Personal information
- Born: 25 December 1893 Chicago, United States
- Died: 9 December 1968 (aged 74) Örebro, Sweden

Sport
- Sport: Cycling
- Event: Road
- Club: CK Uni, Storvreta, Uppsala

Medal record
Representing Sweden
Olympic Games
| Gold medal – first place | 1920 Antwerp | Individual time trial |
| Silver medal – second place | 1920 Antwerp | Team time trial |

= Harry Stenqvist =

Swedish cyclist

Erik Harry Stenqvist (25 December 1893 – 9 December 1968) was a Swedish road racing cyclist.
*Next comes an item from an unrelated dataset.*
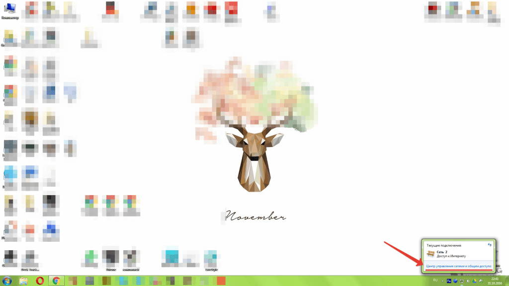 2. Нажмите на иконку левой кнопкой и выберите «Центр управления сетями и общим доступом»
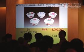 6月20日,香港,湘繡湘瓷藝術(shù)精品拍賣會現(xiàn)場,備受關(guān)注的釉下五彩毛瓷碗(一套五件)以1168.4萬港幣的價格成交!D/新華社

Stenqvist competed in the 175 km road race at the 1920 Summer Olympics and won an individual gold and team silver medals.
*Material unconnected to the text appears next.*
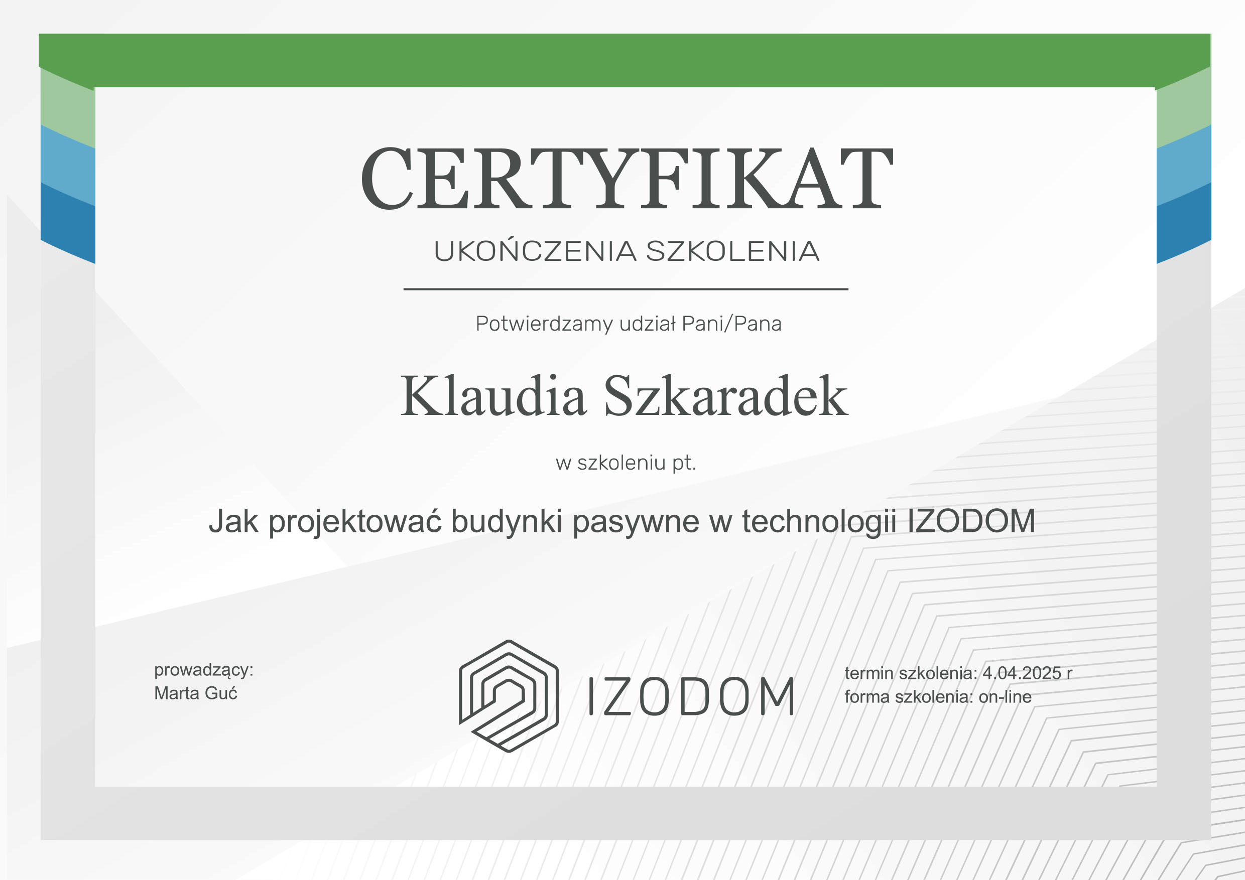 Specjalizuje się w projektach domów pasywnych, niskoenergetycznych i nowoczesnych budynków jednorodzinnych. Rozwijała swoje kompetencje m.in. w Akademii Budownictwa Zeroemisyjnego oraz programie Plan Zero prowadzonym przez ekspertów Pasywny M2 – jednej z najbardziej doświadczonych pracowni projektujących budynki pasywne w Polsce. Ukończyła również szkolenia z technologii szalunku traconego Izodom, co pozwala jej świadomie dobierać rozwiązania konstrukcyjne i energetyczne do indywidualnych potrzeb inwestora. Dodatkowo kurs „12 strategii inwestowania w grunty” (Hectares) poszerzył jej kompetencje o analizę potencjału działek i świadome podejmowanie decyzji na etapie wyboru nieruchomości.

Stenqvist was born in the United States to Swedish parents and later moved to Sweden, where he won national titles in the team (1912–1915) and individual events (10 km in 1915 and 1920 and 100 km in 1920). He was selected for the 1912 Stockholm Olympics, but only as a substitute. In 1916, his amateur status was revoked by the Swedish Cycling Federation, but later restored after a successful appeal. At the 1920 Olympics, Stenqvist was initially declared a bronze medalist, but then promoted to first place after subtracting the 4 minutes he had to wait at a railroad crossing.